К ее глубокому изумлению, Джулианна смогла сделать так, чтобы ее представили ко двору, так как иначе появиться в обществе было невозможно. А теперь она добивалась, чтобы ее допустили на ассамблеи «Олмака» — святая святых аристократии.

Она уже получила огромное количество разнообразных подарков, и ее долг перед Рейфом и Джулианной был настолько огромным, что она никогда не сможет его полностью оплатить. И потому, несмотря на все свои сомнения относительно сегодняшнего визита, она поклялась себе, что произведет хорошее впечатление.

По словам Джулианны, графиня Сефтон была самой дружелюбной и милой из всех патронесс «Олмака» — именно поэтому она решила обратиться к ней, надеясь получить приглашение, позволявшее прийти на ассамблею. Увы: если графиня согласия не даст, то будет очень мало надежды на то, что кто-то из других патронесс захочет это сделать.

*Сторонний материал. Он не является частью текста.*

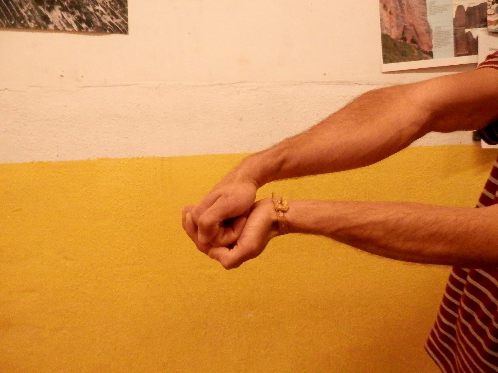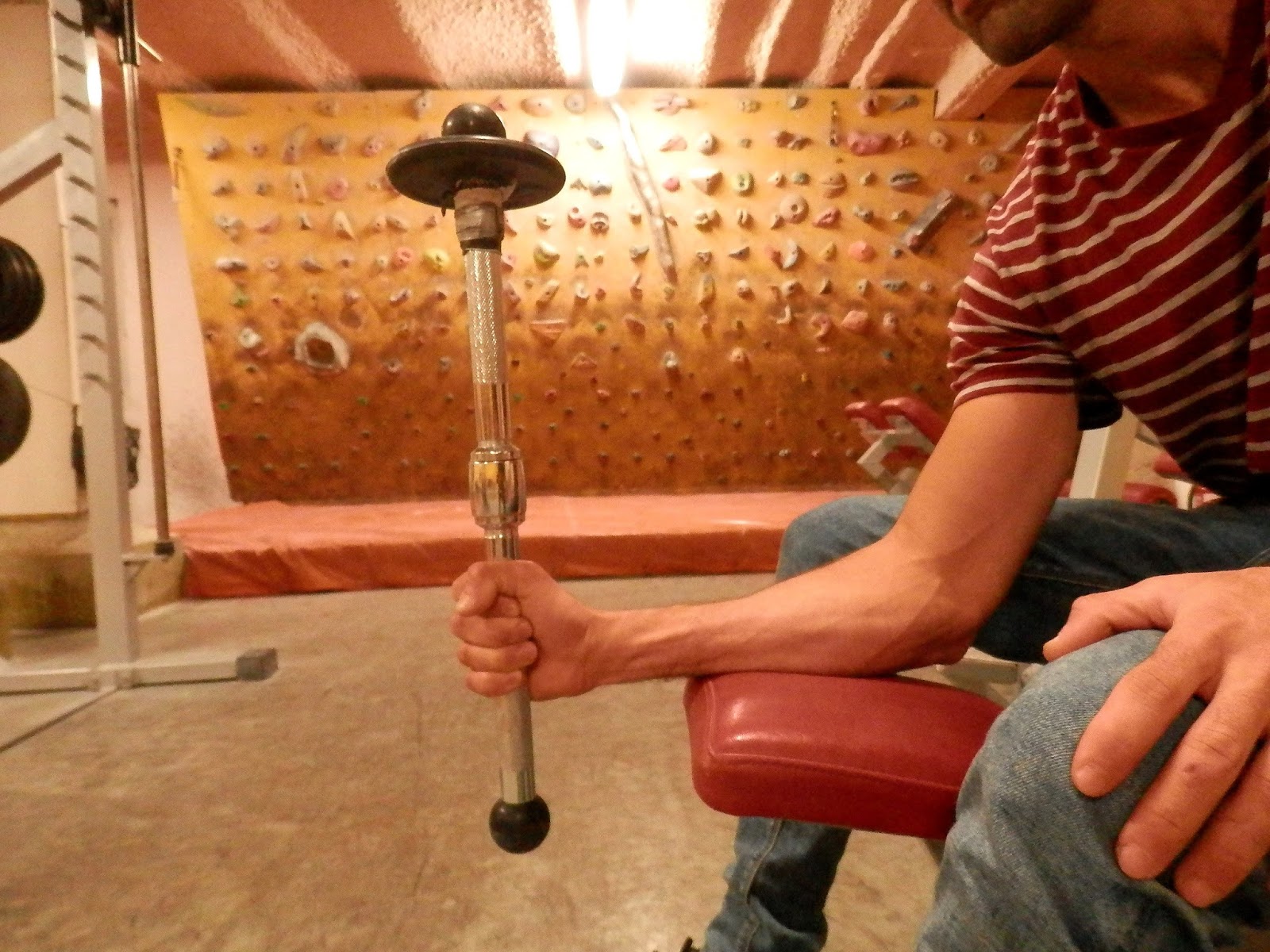 Para realizar este ejercicio deberás estar sentado con el brazo doblado en un ángulo de 90° y apoyado en una superficie. Agarra el extremo sin peso de la barra y gírala hacia arriba y hacia abajo desde la posición del pulgar hacia abajo hasta la del pulgar hacia arriba. Continua girando la muñeca hacia arriba y hacia abajo hasta hacer de 15 a 20 repeticiones. Realiza 2 series 2 veces en cada entrenamiento; de hecho, puede ser mejor realizar 2 series al principio y al final de cada actividad de escalada. Varia la resistencia, bien añadiendo peso, bien colocando la mano mas lejos del extremo con peso.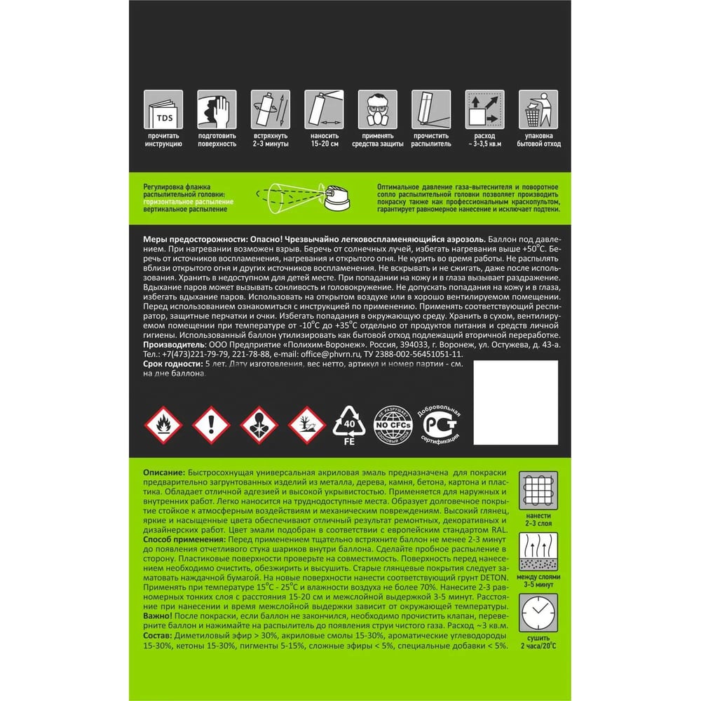 | Способ нанесения | аэрозольное распыление |

— Не желаете ли бисквитов? — предложила Габриэле эта важная дама.

Надежно удерживая в пальцах чайное блюдечко из тончайшего фарфора, Габриэла секунду размышляла над ответом. Почему-то ей показалось, что прямой отказ прозвучал бы невежливо, и поэтому она кивнула:

— Да, спасибо, ваше сиятельство. Похоже, они очень вкусные.

Хозяйка дома улыбнулась.

— Это так и есть. Не побоюсь сказать, что мой повар готовит самые вкусные десерты во всем Лондоне. Хотя если не проявить осторожность, то очень легко можно съесть слишком много.

— Тогда мне придется ограничить себя всего одним кусочком, — отозвалась Габриэла и щипчиками положила на свою тарелку один кубик, покрытый глазурью. Под зорким взглядом хозяйки она заставила себя съесть один малюсенький кусочек. Когда сладость начала таять у нее на языке, она не удержалась и совершенно честно воскликнула: — Ой, вы правы! Это просто чудо!